The release of the capital of a SASU

The release of the capital of a SASU

A Simplified Joint Stock Company (SASU) has, like all other companies, a capital. The latter is defined in the articles of association and consists of monetary contributions and/or contributions in kind. Of the particular rules surround the release of funds (cash contributions), which is the process of release of share capital. Here are the conditions applicable to a SASU.

Capital flexibility: the different possible contributions in a SASU

A single associate of SASU can carry out three types of contribution to the share capital: the cash contribution (the most widespread), contributions in kind and contributions in industry (quite rare).

Only the cash contributions (amount of money) and the contributions in kind (material/immaterial property, movable/immovable) constitute the capital social. Contributions in industry (knowledge, skills, know-how, address book) do not make it up.

Contribution Type Authorized in SASU? Include social capital?
Cash contribution Yes Yes
Contribution in kind Yes
Contribution to industry No

Release the capital of a SASU during the creation

The rules to follow when creation of a SASU with regard to the release of share capital are simple.
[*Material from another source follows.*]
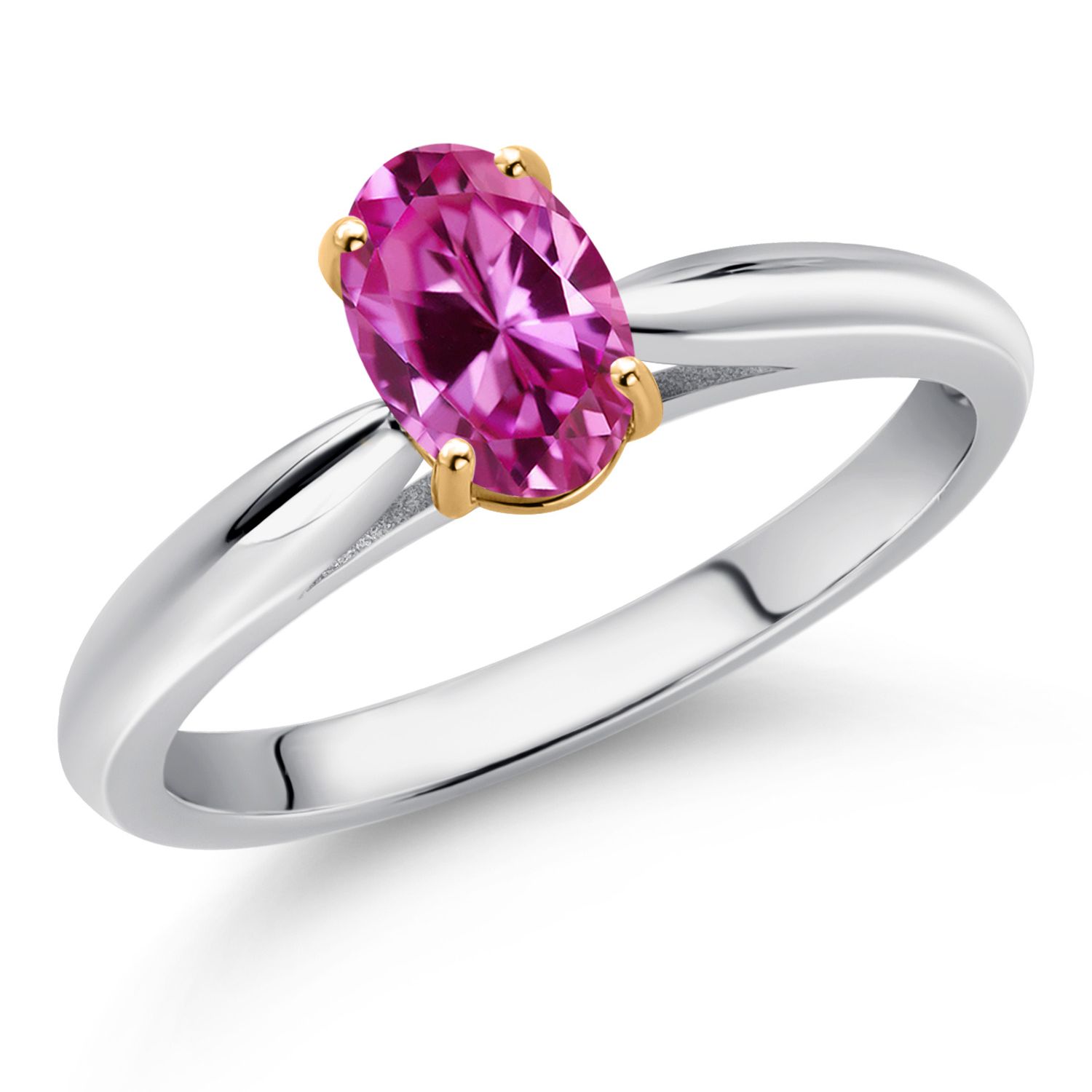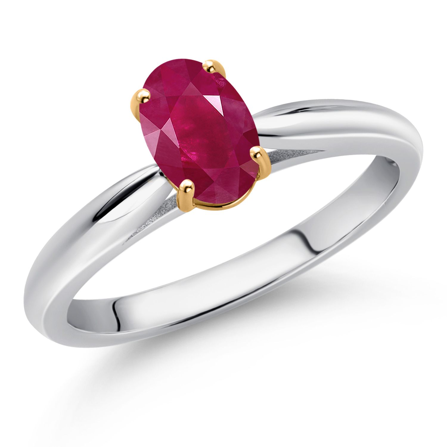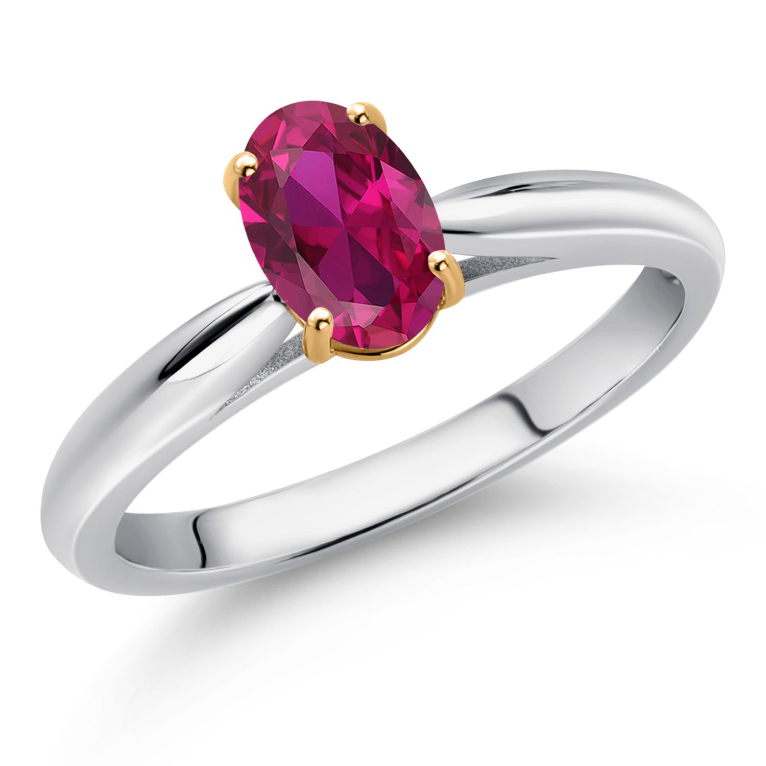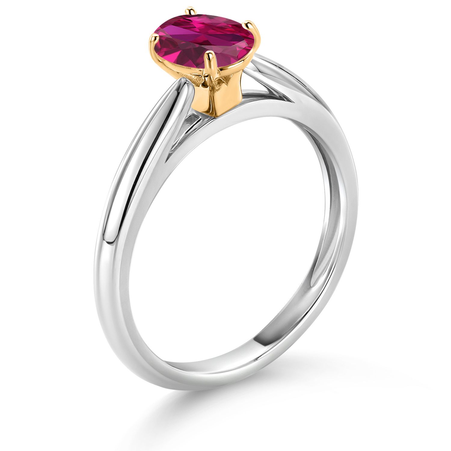 925 Sterling Silver and 10K Yellow Gold Gemstone Birthstone Solitaire Engagement Ring For Women | Oval 7X5MM | Wedding Anniversary Promise Ring For Women | Available In Size 5-9

They depend on the nature of the contribution: property or cash.

With the contributions in kind, they must be fully released immediately. This means that the sole shareholder must actually provide the goods he has promised to his company and make them available to him. He must allow it to dispose of them freely and use them in accordance with the provisions laid down. When the capital is mainly made up of contributions in kind (more than 50%) or when it includes a significant contribution (at least 30 euros), a contribution auditor should be appointed. The latter will verify the evaluation made of each contribution.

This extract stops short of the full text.